Sorella mia!

Chiunque ha o abbia avuto modo nella sua esperienza di trascorrere del tempo con gruppi di adolescenti e giovani, avrà certamente notato che quando tra loro i rapporti sono particolarmente forti e profondi, è facile sentirli nel loro «slang» chiamarsi «fratello», «fra», o «frate’», a seconda delle latitudini e longitudini. Amicizia e fraternità, pur essendo differenti, si intrecciano. I ragazzi sembrano volersi dire: «Ti sento così amico che ti considero importante come un fratello. La nostra relazione è così stretta che non esito a chiamarti fratello. Ti sento sangue del mio sangue. La tua persona mi sta così tanto a cuore da avere la stessa rilevanza di quella di un fratello».

E guarda caso, nella vita religiosa ci chiamiamo tra noi e ci facciamo chiamare dagli altri nello stesso modo: fratelli e sorelle, frati e suore, proprio a sottolineare l’importanza fondamentale che ricopre la vita fraterna in comunità, oltre al richiamo che siamo tutti figli e figlie dello stesso Padre.

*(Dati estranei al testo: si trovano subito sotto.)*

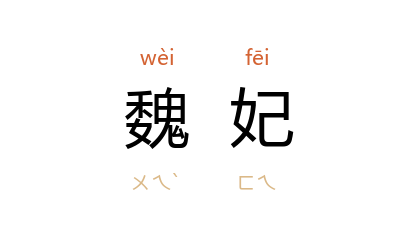 引即魏紫。语本 宋 丘璿 《牡丹荣辱志》:“魏红为妃。”宋 黄裳 《宴琼林·牡丹》词:“已览徧韶容,最后有花王,芳信来报。魏妃天与色,拥姚黄、去赏十洲仙岛。”

Nello stravolgimento dovuto all’arrivo del coronavirus, anche le nostre comunità religiose si sono ritrovate a vivere l’inattività e lo stop forzato alle opere apostoliche. Ma questo tempo è un’occasione preziosa per riscoprire e rivalutare il nostro vivere insieme, il nostro essere sorelle, il nostro appartenerci reciprocamente. O, come è scritto nel documento Per vino nuovo otri nuovi, è un momento opportuno per fare nostro «il pressante invito di Papa Francesco a tutte le comunità del mondo per  una testimonianza di comunione fraterna che diventi attraente e luminosa. Che tutti possano ammirare come vi prendete cura gli uni degli altri, come vi incoraggiate e come vi accompagnate» (N. 24).

Tertulliano, già nel secondo secolo notava: «Guarda questi cristiani come si amano l’un l’altro». Il segno distintivo del nostro essere discepoli del Signore è proprio questo. Il comandamento che Gesù ci ha lasciato non è altro che amarci come Lui ci ha amato, a cominciare da quelle “donne” che non abbiamo scelto come sorelle ma con le quali condividiamo le nostre giornate e che ci sono state donate e affidate.

Se per le famiglie la quarantena è una sfida per re-imparare a vivere più tempo insieme ai propri cari, allo stesso modo e di più lo è per noi religiose. Forse, soprattutto nelle comunità di intensa attività, non eravamo  più abituate a condividere assieme tempi lunghi e dilatati. Lo stesso documento non indugia nel dire che «è impressione diffusa che, non di rado, manchi la base evangelica della fraternità. Si dà maggiore importanza all’istituzione che alle persone che la compongono» (n. 24). La quarantena terminerà prima o poi, ma la vita in comune proseguirà e starà a noi fare in modo che sia autenticamente fraterna perché «Da una vita comunitaria livellata, che non lascia spazio all’originalità, alla responsabilità e a relazioni fraterne cordiali, deriva una scarsa condivisione nella vita reale. Di fatto è la fraternità il luogo di eminente formazione continua» (N. 26).

Il Concilio Vaticano II, nel Perfectae Caritatis, evidenziava già come la comunità religiosa «ha come impegno irrinunciabile e come missione di essere una cellula di intensa comunione fraterna che sia segno e stimolo per tutti i battezzati». Saremo riconosciuti come seguaci di Cristo non dal vestito, non dal tipo di lavoro che svolgiamo o dalla quantità di preghiere che diciamo, ma da come ci amiamo tra di noi, o, come dice l’art. 49 delle nostre Costituzioni se «connotiamo la nostra vita fraterna con l’accoglienza reciproca, l’aiuto vicendevole, il tratto delicato, la compassione verso la fragilità dell’altra, il riconoscimento dei suoi doni e la disponibilità al perdono».